The recently published AJCC 8th edition recognizes new prognostic categories that significantly improve prognostic categorization compared to the anatomic stage groupings alone34. To date, there are no robust breast cancer outcome prediction tools available to practicing clinicians to provide patients with early stage breast cancer survival estimates based on the presenting features of their tumor and other clinical factors. Prior tools have been developed but have used different statistical approaches, i.e. mathematical modeling, Cox proportion hazards regression, or actuarial analysis; lacking in follow-up time; more focused on guiding adjuvant therapy discussions; or do not represent a contemporary patient population35,36,37,38. To accompany the recent update to the AJCC staging system, we sought in this analysis, to develop a validated model and demonstrate that age, tumor grade, and biomarker subtypes, conditional on stage, were important determinants of BCSS and that their incorporation could further refine the survival estimates based upon stage utilizing a Fine–Gray Model. Further, we have developed an online tool to estimate individual prognosis based on this model combining clinical and biologic variables for use in daily clinical practice.

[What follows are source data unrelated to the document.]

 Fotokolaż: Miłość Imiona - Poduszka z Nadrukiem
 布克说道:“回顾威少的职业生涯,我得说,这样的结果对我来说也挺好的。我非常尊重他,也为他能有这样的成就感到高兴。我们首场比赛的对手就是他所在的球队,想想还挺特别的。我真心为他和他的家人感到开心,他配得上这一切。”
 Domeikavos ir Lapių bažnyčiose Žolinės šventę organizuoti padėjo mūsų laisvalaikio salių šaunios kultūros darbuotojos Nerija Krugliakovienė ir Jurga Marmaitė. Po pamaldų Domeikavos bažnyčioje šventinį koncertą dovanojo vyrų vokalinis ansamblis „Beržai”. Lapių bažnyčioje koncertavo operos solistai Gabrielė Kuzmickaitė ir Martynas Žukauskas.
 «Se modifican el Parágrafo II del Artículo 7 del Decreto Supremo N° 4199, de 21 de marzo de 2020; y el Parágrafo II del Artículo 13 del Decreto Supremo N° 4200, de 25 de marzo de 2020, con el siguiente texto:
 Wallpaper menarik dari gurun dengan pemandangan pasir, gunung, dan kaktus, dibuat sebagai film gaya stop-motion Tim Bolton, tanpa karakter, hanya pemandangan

Prediction model on the training data

In the MDACC database, 20,928 patients with stage I–III breast cancer, who received treatment with surgery as the first intervention were identified (see Supplementary Table 1 for the characteristics of the overall cohort). From the overall cohort (n = 20,928), a complete data cohort (N = 14,781) was formed for model comparison purposes, after excluding 29% of the patients (n = 6147) missing one or more of the key variables (age, HR, HER2, grade). All models with stage and additional factors showed higher C-index than the model with stage alone (Table 1). The model with age, grade, combined HR and HER2 status, and stage, which reflects the information conventionally available in current clinical practice, showed the best predictive accuracy.

Table 1 Comparisons of multivariable Fine–Gray models, using complete data cohort (N = 14,781)a.

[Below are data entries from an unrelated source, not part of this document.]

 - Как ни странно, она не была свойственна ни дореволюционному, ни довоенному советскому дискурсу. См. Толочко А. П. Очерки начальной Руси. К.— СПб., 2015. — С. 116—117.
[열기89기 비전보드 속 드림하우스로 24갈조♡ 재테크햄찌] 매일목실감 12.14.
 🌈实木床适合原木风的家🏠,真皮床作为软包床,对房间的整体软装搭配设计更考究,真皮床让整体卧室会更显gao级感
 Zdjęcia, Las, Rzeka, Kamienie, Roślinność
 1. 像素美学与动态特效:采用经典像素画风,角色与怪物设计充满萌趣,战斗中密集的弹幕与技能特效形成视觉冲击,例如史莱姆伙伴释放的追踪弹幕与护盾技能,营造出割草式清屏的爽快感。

Table 2 shows the characteristics of the patients included in the multivariate analysis from the training dataset (N = 14,781) and validation dataset (N = 29,727). The median follow-up was 6.6 years (95% CI, 6.5–6.7) (range: 0–24.9 years) and the median age was 55 (range 20–99) years. The 5-year BCSS estimate was 89% for the whole multivariate cohort. Outcomes for the multivariate cohort were as follows: 15% BC-related mortality, 20% mortality from any cause, 10% loco-regional recurrence, and 20% distant recurrence (first loco-regional recurrence and distant recurrence were 8% and 16%, respectively).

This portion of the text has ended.